Buckets are similar to partitions in Kafka. They provide strict order preservation, which is the same as Kafka's message ordering, but they also support Watermarks and Watermark alignment. At the same time, there is also support for Consumer IDs.

During the writing process, small files can be automatically merged.

Therefore, it can be seen from the illustration above that its overall architecture, allows users to replace Kafka with Paimon for certain use cases.

Kafka's real ability is to provide latency on the order of seconds. When the business use cases don’t require second-level latency, you can consider using Paimon to achieve message-queue functionality.

Apache Paimon typically operates on minute-level latency, as writing to the data lake depends on the checkpoint interval. The recommended checkpoint interval is typically one minute in order to avoid generating many small files that affect the read query performance.

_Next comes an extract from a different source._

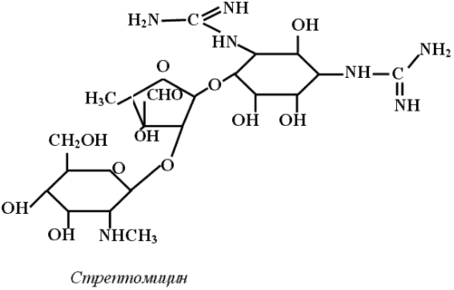 Антибиотики чрезвычайно многообразны по своей химической природе и по механизму действия. Некоторые из широко используемых антибиотиков взаимодействуют с рибосомами бактерий, тормозя синтез белка в бактериальных рибосомах, в то же время практически не взаимодействуют с эукариотическими рибосомами. Поэтому они губительны для бактериальных клеток и мало токсичны для человека и животных. К их числу относятся хорошо известные стрептомицин, хлорамфеникол (левомицетин):
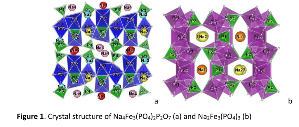 Here, we first report electrochemical properties of tunnel–type sodium iron phosphates, Na4Fe3(PO4)2P2O7 and Na2Fe3(PO4)3 (Fig. 1), in sodium half-cells using NaFSI:[Pyr13]+[FSI]-electrolyte (Pyr13FSI is N-methyl-N-propylpyrrolidinium bis-(fluorosulfonyl)imide) (1:9 mole ratio).

If you don’t care about read performance you can consider setting lower-level checkpoint intervals, by also leveraging newer Flink versions that support new features like the changelog state backend.

Summary

Apache Flink evolved to be more than compute, and Apache Paimon was born to act as the storage layer. Even though in it’s early days the project has seen lots of adoption and is already used in production in large-scale companies.

The community embraces the “Streamhouse” and you can keep an eye on the Paimon roadmap and PIPs.